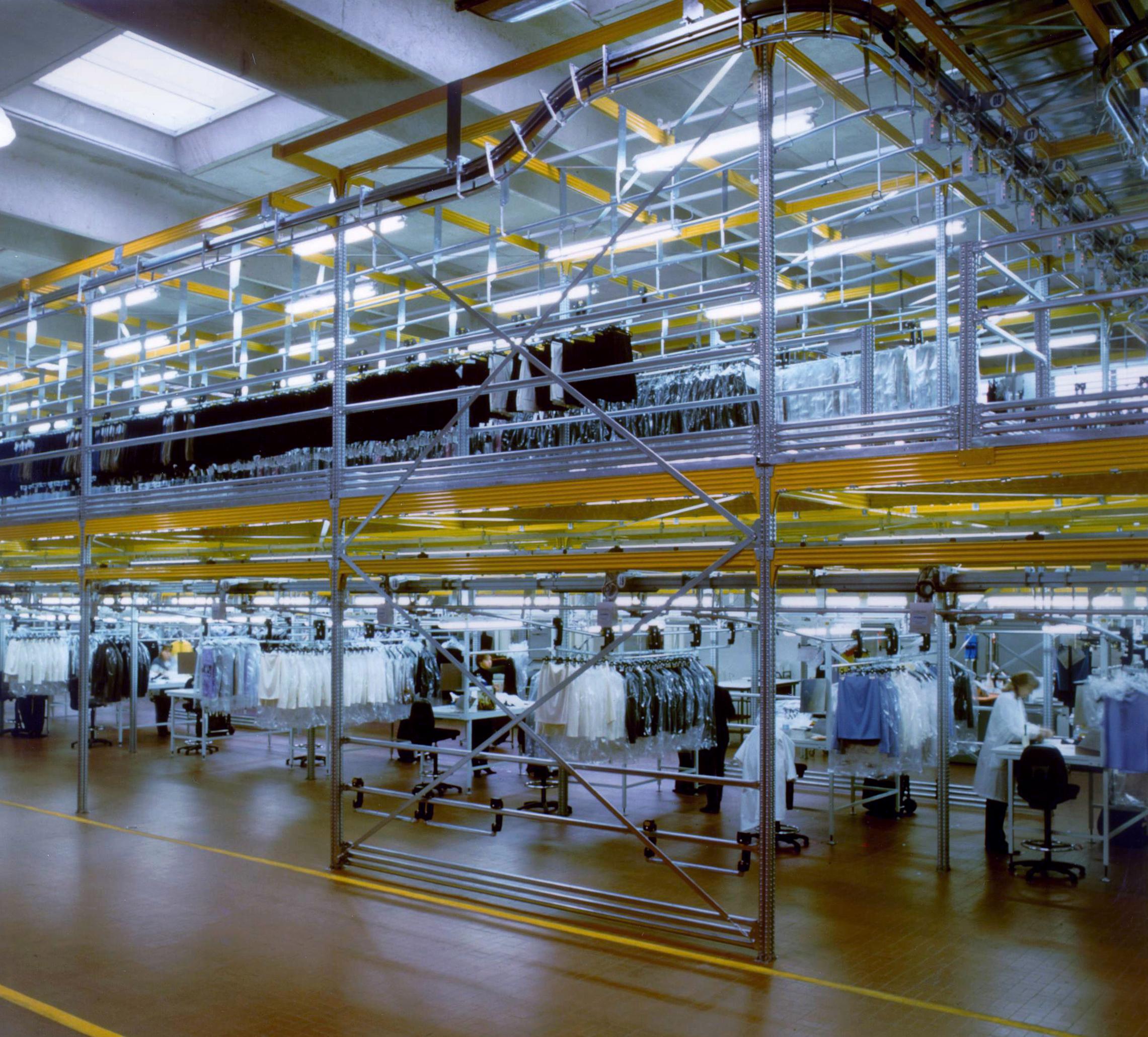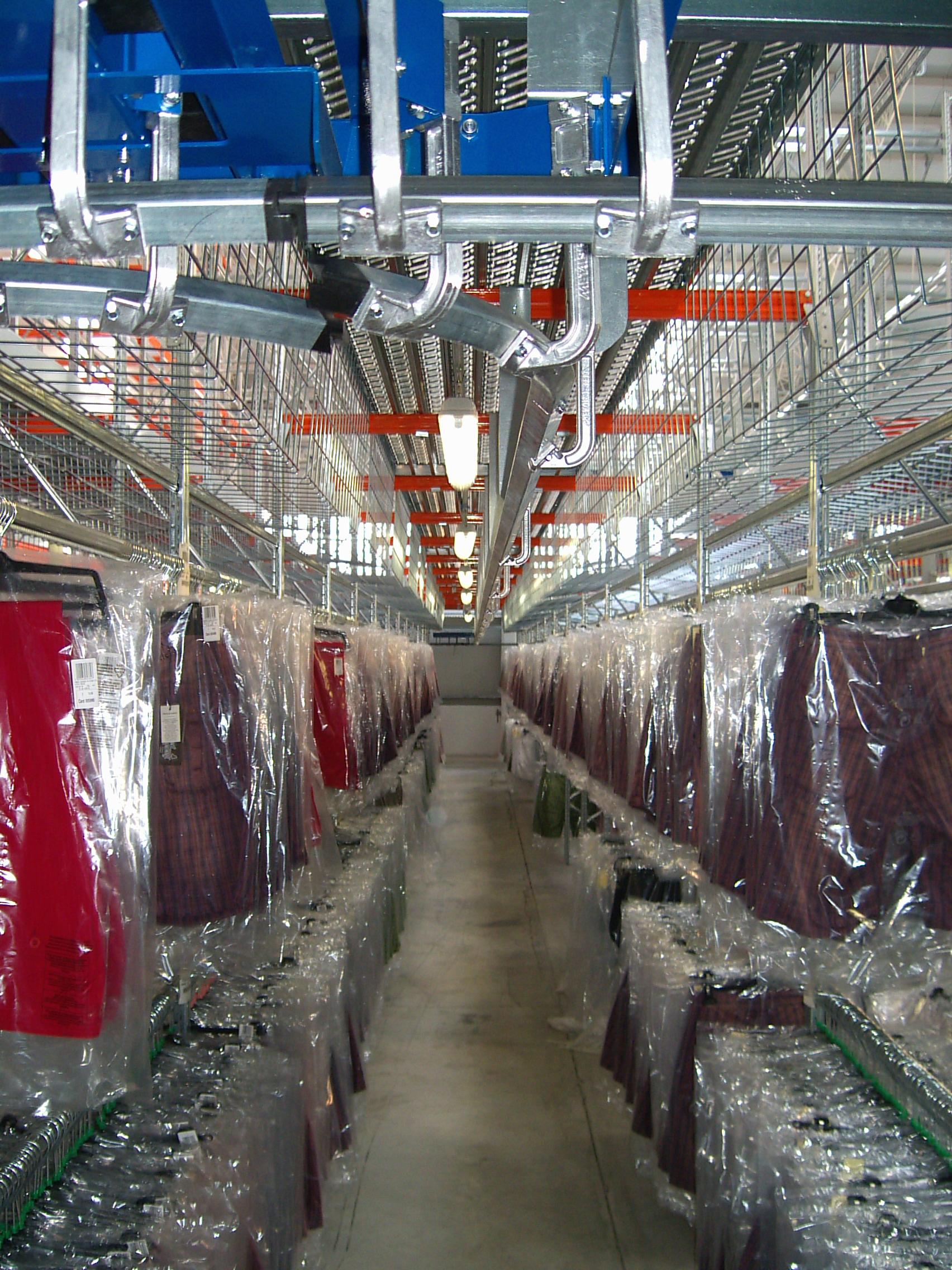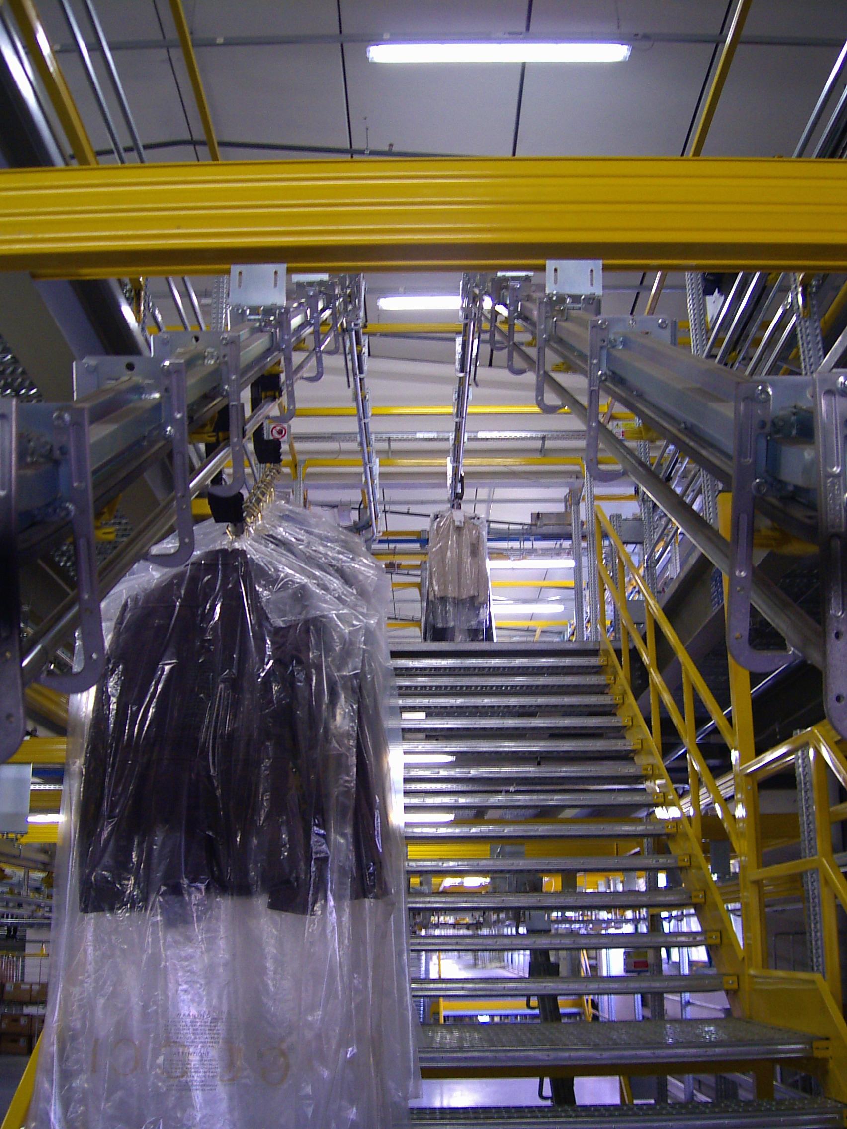 Le soluzioni per movimentazione capi appesi offrono una vasta gamma di opzioni logistiche: gestione dei capi appesi tramite binari e catenarie, sistemi per capi piegati e scatolati con nastri trasportatori, rulliere o sistemi automatici di picking.
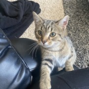 Small kitten 5 to 6 months old weighing 5 to 6 pounds found near 17th and Main in Beech Grove. Very friendly original finder was not able to keep her inside due to other cats. I have moved her to my home near the west side of Indianapolis while searching for her family she appears to be very cared for and is very friendly once you gain her trust. Because I was not the first one to find her. I am not entirely confident about the exact date and time she was found, but she has been wandering in the area for at least three days.
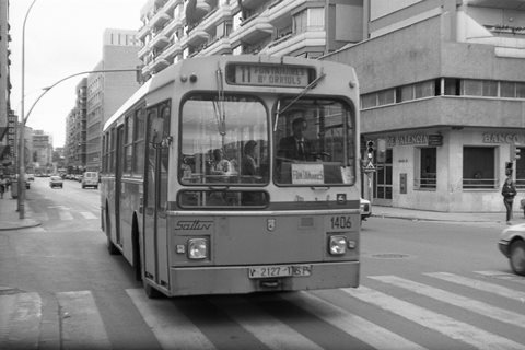 Para mi gusto, los Pegaso 6050, como éste de la Saltuv valenciana, han sido el modelo de autobús urbano más logrado de Enasa, aunque me consta que no comparten esta opinión quienes trabajaron con ellos, sobre todo en su siempre delicado mantenimiento. Fotografía de Juanjo Olaizola Elordi
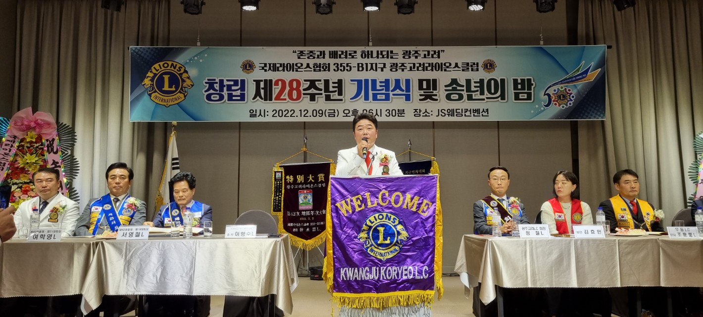 1994년 12월 무등라이온스클럽의 스폰으로 라이온스 헌장에 동참하여 28년간 지구의 모범클럽으로 봉사활동을 진행해 오고있는 광주고려클럽의 28주년 기념식 및 송년의밤 행사가 총재초청으로 12월9일 JS 웨딩컨벤션에서 진행되었습니다.

○ ○ ○ ○

:: Task item ::
A faithful copy of the data above is wanted, with every image left out.

:: Written response ::
 Le soluzioni per movimentazione capi appesi offrono una vasta gamma di opzioni logistiche: gestione dei capi appesi tramite binari e catenarie, sistemi per capi piegati e scatolati con nastri trasportatori, rulliere o sistemi automatici di picking.
 Small kitten 5 to 6 months old weighing 5 to 6 pounds found near 17th and Main in Beech Grove. Very friendly original finder was not able to keep her inside due to other cats. I have moved her to my home near the west side of Indianapolis while searching for her family she appears to be very cared for and is very friendly once you gain her trust. Because I was not the first one to find her. I am not entirely confident about the exact date and time she was found, but she has been wandering in the area for at least three days.
 Para mi gusto, los Pegaso 6050, como éste de la Saltuv valenciana, han sido el modelo de autobús urbano más logrado de Enasa, aunque me consta que no comparten esta opinión quienes trabajaron con ellos, sobre todo en su siempre delicado mantenimiento. Fotografía de Juanjo Olaizola Elordi
 1994년 12월 무등라이온스클럽의 스폰으로 라이온스 헌장에 동참하여 28년간 지구의 모범클럽으로 봉사활동을 진행해 오고있는 광주고려클럽의 28주년 기념식 및 송년의밤 행사가 총재초청으로 12월9일 JS 웨딩컨벤션에서 진행되었습니다.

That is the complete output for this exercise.